Passionate about Japanese culture, he took the lead and decided to go to Japan at the age of 22, with his friend Mathieu Muller. With his friend, they wanted to open a delicatessen in Tokyo to sell products from Franche-Comté. Arriving there with dreams, they had nothing set aside, had no training in international trade. Once there, the two friends were disappointed. Launching a business in Japan as an expatriate was a real obstacle course and the project of the two friends dreamers collapsed. It was there in 2013 that Baudot decided to let off steam by entering Hayato Sakurai's gym. Three months passed between his first steps in MMA and his first fight, however Baudot had to return to France because his visa had expired. Two weeks later, Hayato Sakurai paid for Baudot's plane ticket to come back to Japan for the bout, which he won and earned 600 euros. Since MMA does not allow him to live, the Frenchman works as a bouncer in the bustling Roppongi district of Tokyo while also doing some kick-boxing and muay-thai fights, leading him to nicknamed "The Black Samurai".

Mixed martial arts career

Early career
After a seven-month break, back in France, during the 2016/2017 season, the Martinique native was offered to join the legendary "MMA Factory" stable. Fernand Lopez the former coach of the MMA World Champion Francis Ngannou and current coach of the Guadeloupean Ciryl Gane, takes him in hand. "I train with them and then Fernand Lopez, who is looking for trainers and loves excellence, asks me to find out more so that I can get a diploma. That's how I got my Brevet professionnel de la Jeunesse, de l'Education populaire et du Sport (BPJEPS), specializing in pugilistic activities", he confides.

Baudot faced Todd Stoute at TKO 47: Jourdain vs. Lapilus on April 11, 2019. After losing the bout by rear-naked choke in the third round, the bout was later overturned to a DQ win for Baudot after Stoute tested positive for 100 nanograms of THC.

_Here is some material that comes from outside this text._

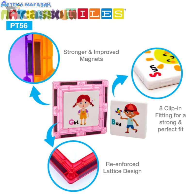 С помощта на цветни магнитни елементи децата могат лесно да създават разнообразни 2D и 3D конструкции – сгради, фигури и въображаеми светове. Магнитите се свързват стабилно и позволяват бързо сглобяване и разглобяване, което прави играта още по-интересна и динамична.

Ultimate Fighting Championship
Baudot, as a short notice replacement for Sergey Spivak, faced Tom Aspinall at UFC Fight Night: Moraes vs. Sandhagen on October 11, 2020. Baudot lost the fight via first-round technical knockout.

Baudot was scheduled to face Rodrigo Nascimento on May 22, 2021, at UFC Fight Night: Font vs. Garbrandt. However, after Baudot was injured, the bout was moved to UFC on ESPN: Makhachev vs. Moisés held on July 17, 2021. Baudot lost the fight via technical knockout in round two. However, Nascimento's urine test from the fight tested positive for ritalinic acid, a metabolite of psychostimulant drugs methylphenidate and ethylphenidate. As a result, the bout was also overturned to a no contest.

Baudot faced Parker Porter on February 19, 2022, at UFC Fight Night: Walker vs. Hill. He lost the fight via unanimous decision.

Baudot faced Josh Parisian on June 25, 2022, at UFC on ESPN 38. Despite winning the first round against Parisian, Baudot lost the fight via technical knockout in the second round.

In July 2022, it was announced that Baudot was no longer on the UFC roster.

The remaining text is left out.